Last Dance is an album by American pianist and composer Keith Jarrett and American jazz double bass player Charlie Haden—long-term collaborators—recorded at Jarrett's home studio in March 2007 and released on ECM in June 2014 containing outtakes and two alternate takes from Jasmine, released four years previously.

== Reception ==

In a review for AllMusic, Thom Jurek wrote: "They don't overstate anything; the music provides meaning all on its own. They relax into its beauty playing toward one another as hints, suggestions, and references to popular music history bridge the space between. Last Dance is a necessary addendum to Jasmine; it fleshes out the confident, mature, amiable, and eloquent speech in the canonical language these two jazz masters share."

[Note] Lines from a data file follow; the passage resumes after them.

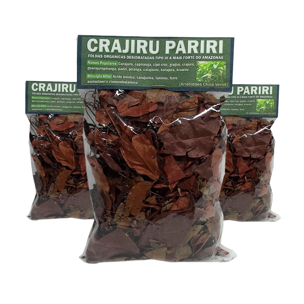 Crajiru Super Chá - 30 gr Amazonico Crajiru Pariri Original Amazonico do Tipo morfologico 3 | folhas largas Pacote c/30 gr de folhas secas e organicas (Arrebidaea chica Verlot - Folhas) O que é folhas organicas? Significa que foi cultivado sem a adição de insumos químicos, fertilizantes ou pesticidas. O R I G I N A L "RECEBERA 1 PACOTE COM 30 GR" Crajiru em Folhas SECAS p/chá, Nosso crajiru é seco na sombra para preservar todas as caracteristicas da planta para um bom resultado pois o aspecto da folha seca precisa estar na cor "marrom avermelhada" pois é o ideal para fazer o chá, se a folha estiver com aspecto seca e verde significa que foi esposta ao calor excessivo do sol ou forno e perde 70% das propriendades e se tiver com a cor verde tipo fresca contem 80% de agua nas folhas e a cada 100 gr depois de secas se tornan 20 gr. Nosso crajiru é colhido e seco no Amazonas onde é o hatitat da planta e distribuimos para todo Brasil e alguns paises. ((GARANTO SUA ENTREGA OU SEU DINHEIRO DE VOLTA!)) Boas Compras *****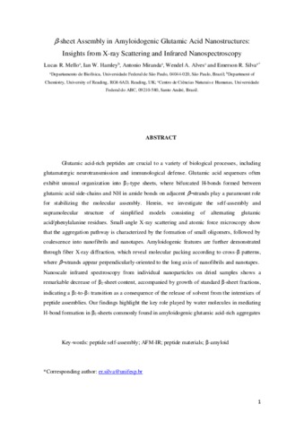 β ‐ sheet assembly in amyloidogenic glutamic acid nanostructures: insights from X‐ray scattering and infrared nanospectroscopy.
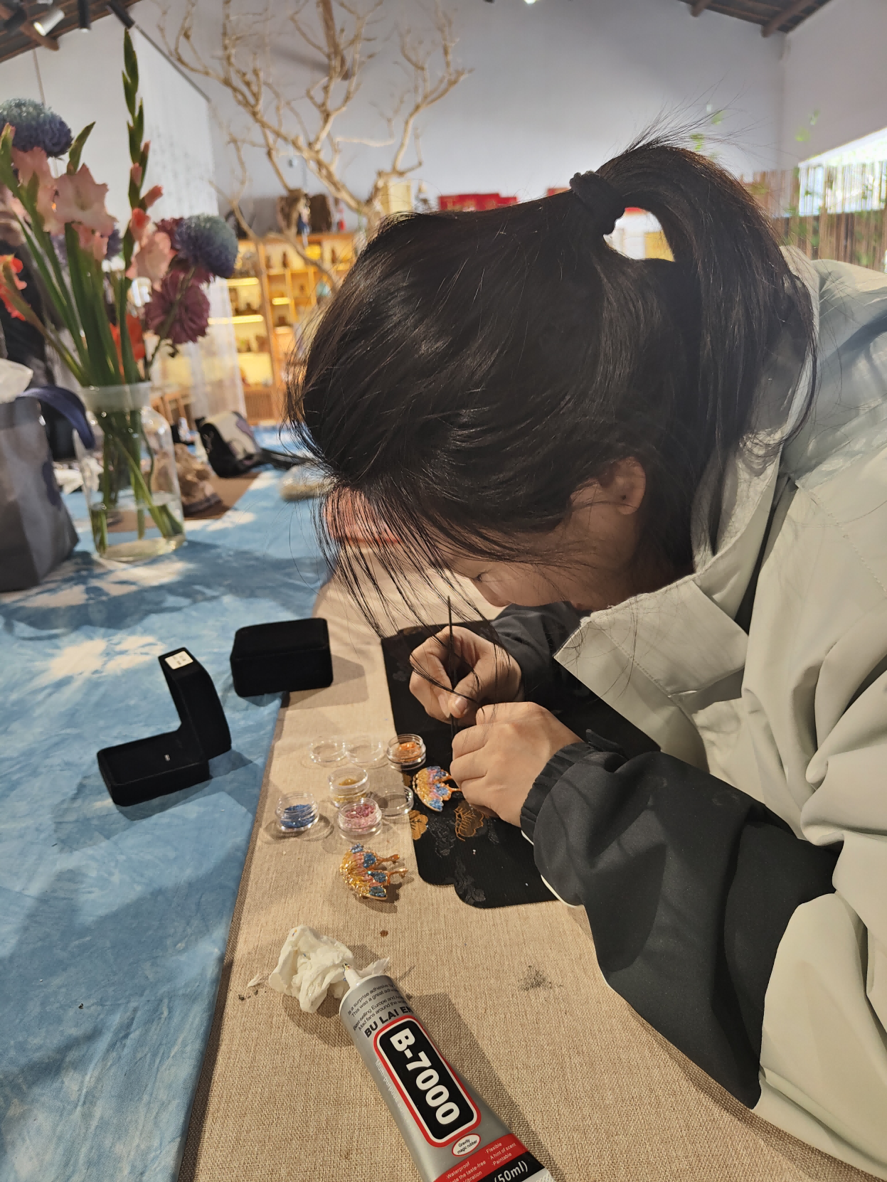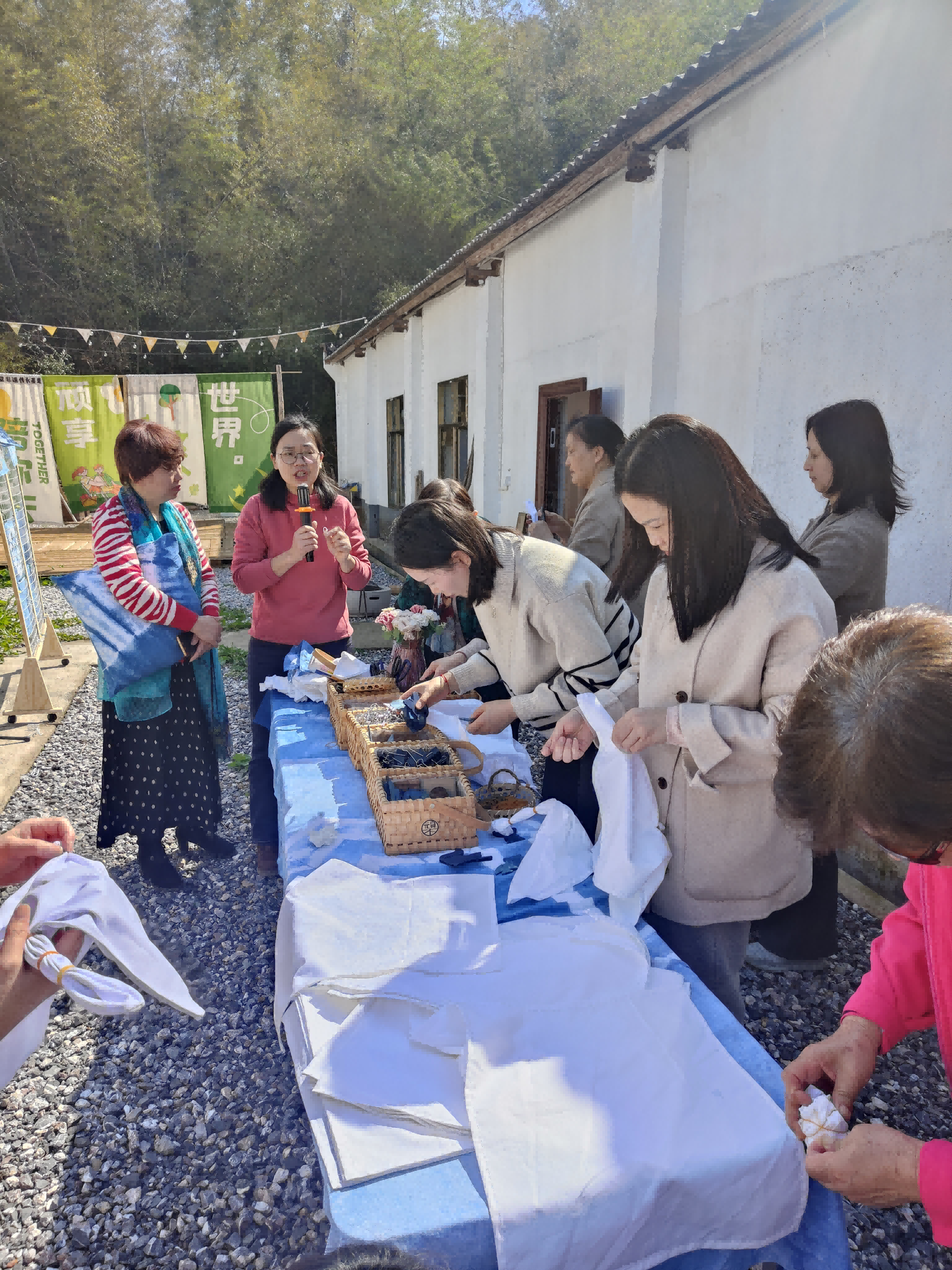 活动在愉快热烈的气氛中进行。大家兴致勃勃地围绕在非遗传承人的周围,仔细聆听扎染和非遗螺钿的制作工艺,并在老师手把手的指导下,亲身体验了一次扎染和非遗螺钿的制作过程。看着一块块白布在自己手中染成了希望的颜色和图案,看着一只只蝴蝶披上了美丽的“衣裳”,振翅欲飞,大家都开心地笑了。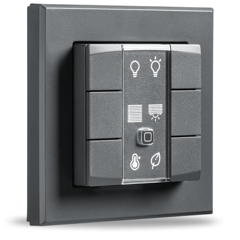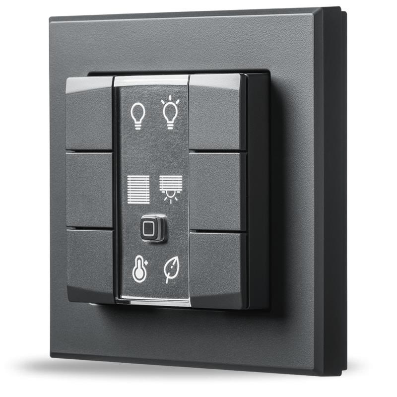 Programovatelný bezdrátový Nástěnný dálkový ovladač v antracitové barvě (HmIP-WRC6-A) je součástí systému chytré domácnosti Homematic IP.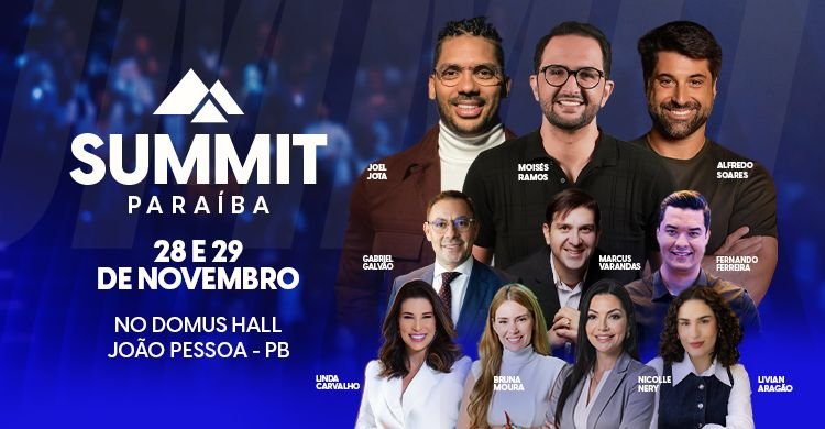 Nos dias 28 e 29 de novembro de 2025, João Pessoa será palco do SUMMIT Paraíba, considerado o maior evento de empreendedorismo, negócios e alta performance do estado. O encontro acontece na Domus Hall e reunirá mais de 15 palestrantes nacionais e locais.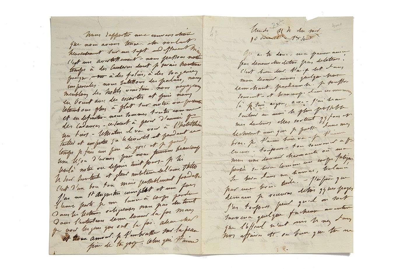 L.A.S. « celui qui t'aime », adressée à Louise Colet. S.l., [7 décembre] 10 décembre 1846 « Lundi 11h du soir ». 4 pp. in-8. Minime déchirure en tête, sans atteinte au texte ni manque.

John Kelman, in a review for All About Jazz, stated: "The same strengths that made Jasmine such a wonderful—and welcome—diversion from Jarrett's solo and trio releases remain definitive on Last Dance. Haden demonstrates his usual unerring ability to find the absolutely perfect note—played with equally impeccable tone... there's never a note wasted or a note out of place. As for Jarrett, while his career has been predicated on both virtuosity and an ability to spontaneously pull music from the ether, and as consistently superb as his solo and Standards Trio work has been over the past three decades, here in this context, he's never sounded so relaxed, so unfettered in a way that's different from his inimitable freedom in live performance... Last Dance will stand, alongside Jasmine, as two of [Jarrett's] most beautiful and intimate recordings, played with a lifelong friend who, despite a thirty-year gap in their musical partnership, came back as if time had stood still and not a second had passed since they'd last collaborated."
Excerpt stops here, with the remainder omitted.